Source 3. This is perhaps the dossier’s most damaging contributor for Mr. Trump and aides. She is a female friend of the primary source. They have known each other for years. They have borrowed money from each other and gone shopping together.

She said Trump volunteer Carter Page, during a July 2016 trip to Moscow, met secretly with Igor Divyekin, a crony of Russian President Vladimir Putin. Mr. Page has always denied this, and the Mueller report cleared him.

Source 3 also told the other big conspiracy story: that Trump attorney Michael Cohen secretly traveled to Prague in August 2016 to meet Putin aides and engineer a cover-up of their shared Democratic Party computer hacking. The FBI later concluded that Cohen never went to Prague.

More information about Source 3 emerged in April, when Republican senators won declassification of footnote No. 347, which had been completely censored in the Horowitz report.

The footnote said Source 3, described as a “sub-source,” had “personal and business ties” with the primary subsource. She also had contacts with Mr. Putin’s staff in June and July 2016, when Mr. Steele was compiling the dossier.

The woman also was “voicing strong support for candidate Clinton in the 2016 U.S. elections,” the footnote said.

What’s more, other declassified footnotes show that intelligence agencies warned the FBI that the information about Cohen was Kremlin disinformation.

As for Source 3, the Horowitz report said the FBI questioned her in August 2017. She called the information attributed to her “exaggerated,” and she did not recognize anything as coming from her.

Source 4. This person has ties to the FSB. The primary source said they enjoyed each other’s company and “drank heavily together.”

“I just overheard such and such about an issue” is how he would feed information to the primary source.

Source 5: A Russian woman with ties to Kremlin intelligence. She provided the other half of the Carter Page story — that he also met in Moscow with Igor Sechin, a Putin adviser who runs the state oil company.

Mr. Page denies this meeting ever occurred, and Mr. Mueller cleared him.

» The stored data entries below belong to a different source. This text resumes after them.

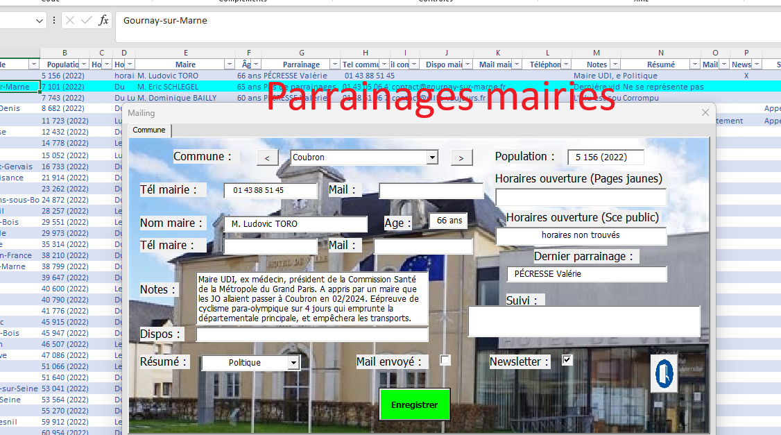 Le fichier permet la visualisation des données sur le maire et la commune, la modification, et le passage aux communes suivantes précédentes selon l'ordre choisit.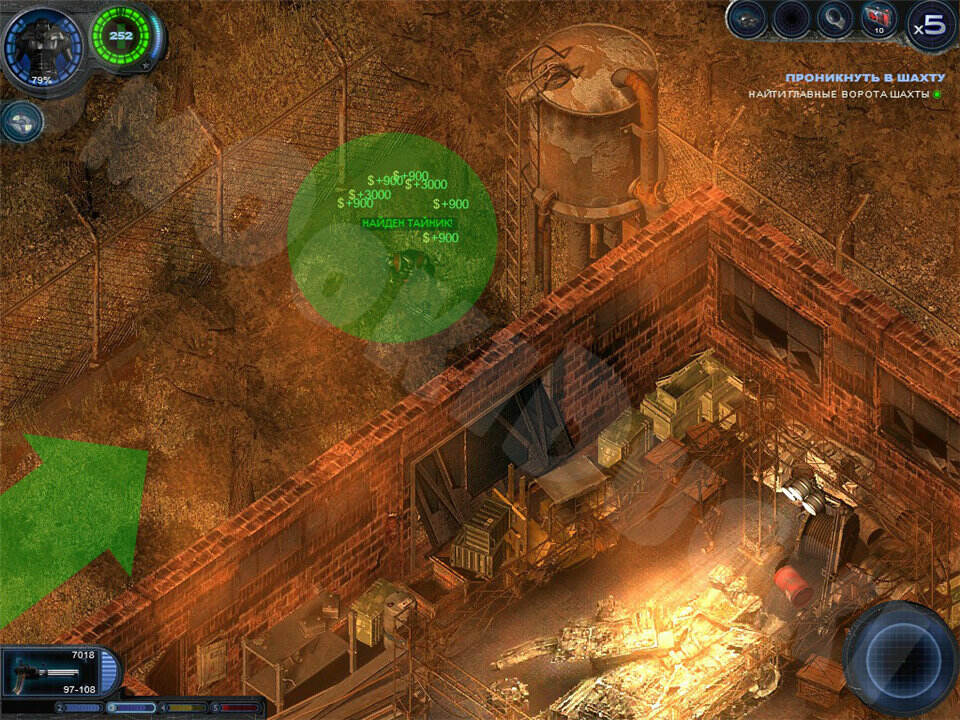 左边是一个车库,里面停着一辆坦克等着我们,在车库的外面有本关的第一处隐藏地点,有着大量的金钱资源。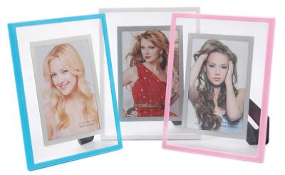 Стъклена рамка за снимки с цветен кант, изработен от PVC материал. Подходяща за снимки с размер 10х15см. Различни цветове.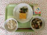 ★今日の献立 ・新しょうがごはん ・牛乳 ・高野豆腐入りたまご焼き ・野菜のご...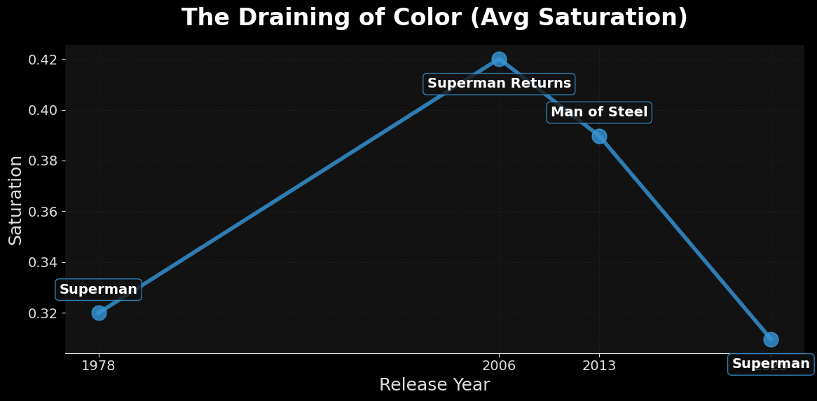 1978 wasn't the most colorful: Surprisingly, Superman Returns (2006) holds the title for highest average saturation (~0.42), likely due to its rich, heavy digital grading.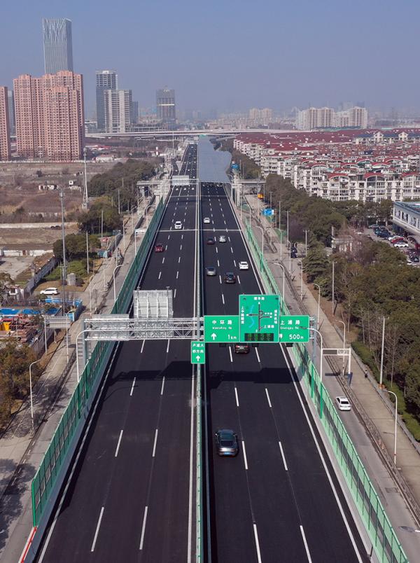 2021年2月6日,上海浦东济阳路高架建成通车。作为南北高架的一部分,济阳路高架主线从卢浦大桥一路往南延伸了8公里,串联起中环、外环,直达浦江镇。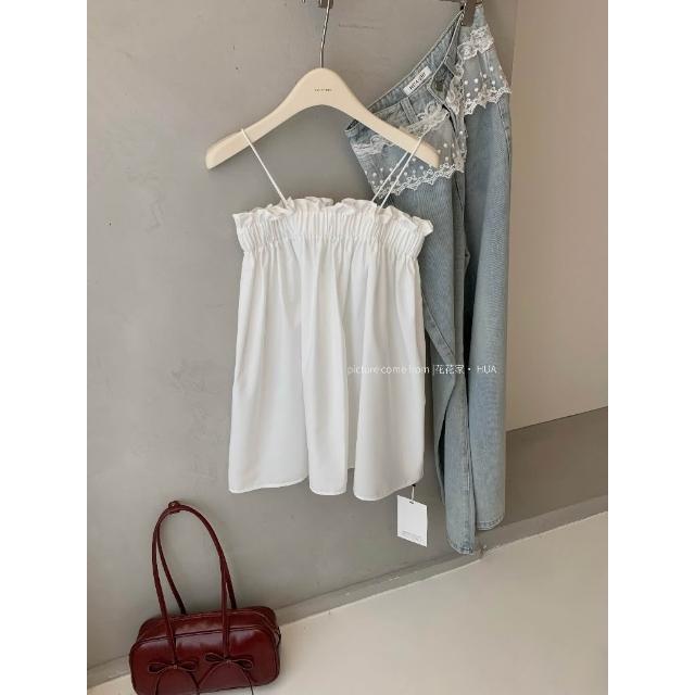 韓系 抓皺背心 傘擺上衣 中長版 顯瘦 穿搭 遮肉上衣 背心 平口 寬鬆版型 細肩帶 小可愛 夏季上衣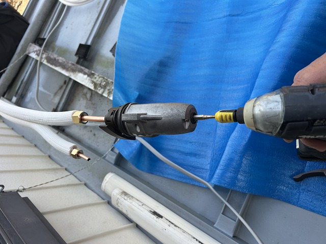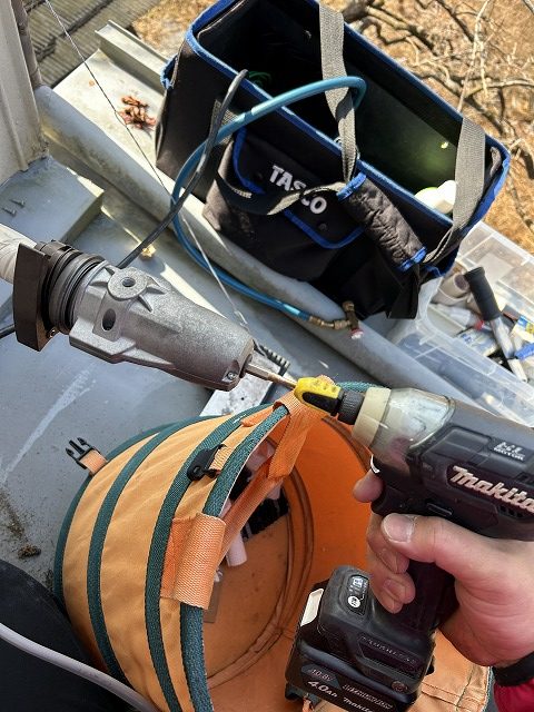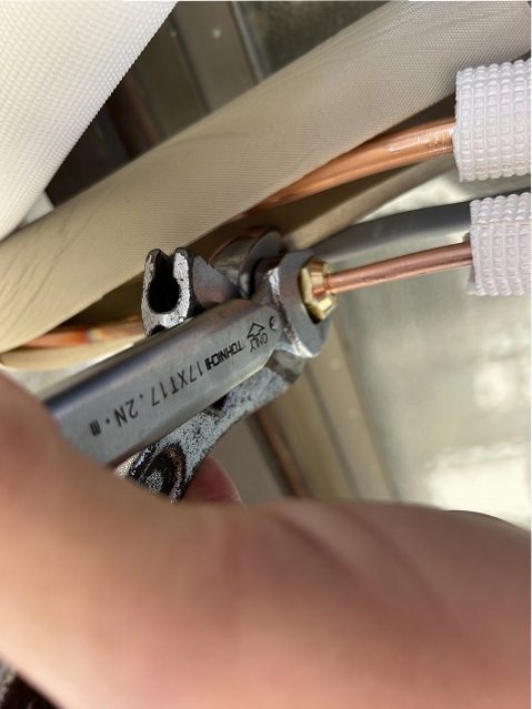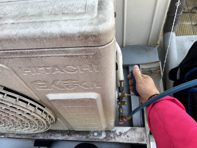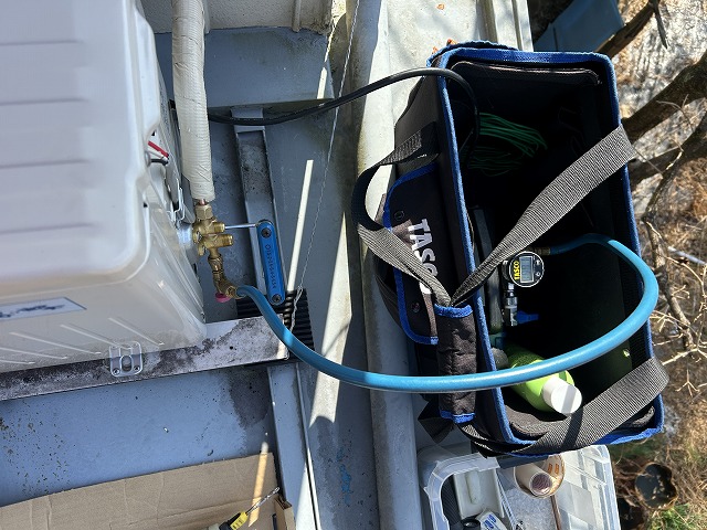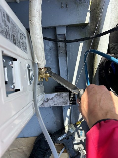 エアコン本体・配管内の空気を抜いて気密確認を行い、問題なければ次に冷媒を通します。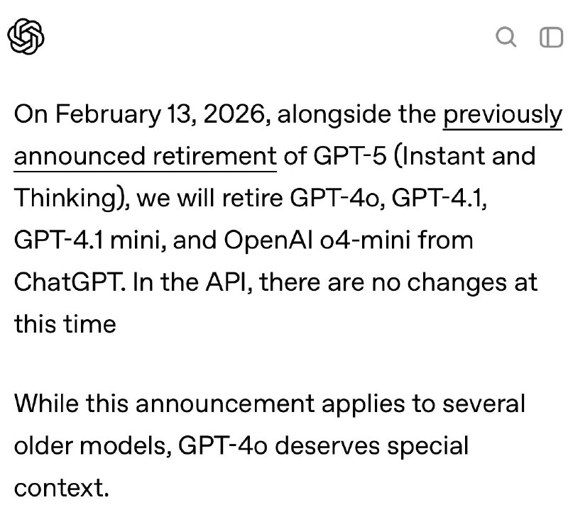 — 13 февраля 2026 года из меню выбора исчезнут модели GPT-4o, GPT-4.1, GPT-4.1 mini, o4-mini, а также GPT-5 (версии Instant и Thinking).

Source 6: This U.S.-based person telephoned the primary source for 20 minutes. Never providing his name, Source 6 became the basis for Mr. Steele’s writing about an extensive conspiracy between the Kremlin and the Trump campaign. Source 6’s phone call was used as evidence by the FBI to persuade judges to approve the Carter Page wiretaps.

Mr. Steele designated Source 6 as source E. The Horowitz report called him Person 1. This person has been described in media reports as having left the U.S. and not cooperating with Mr. Mueller.

After the three interviews in January 2017, the FBI talked to the primary source two more times. It was then when he made the “grain of salt” comment — essentially dismissing the entire dossier.

Those interview notes have not been declassified.

He said he never knew Mr. Steele planned to put what he told him into official reports. The Horowitz report said he told the FBI he made it clear to Mr. Steele that he was repeating “just talk” and “word of mouth and hearsay” and “conversations that [he] had with friends over beers.”

That February, agent Peter Strzok, who led the FBI’s Trump probe, made this comment in a declassified document after the primary source had been interviewed three times: “Recent interviews and investigation … reveal Steele may not be in a position to judge the reliability of his sub source network.”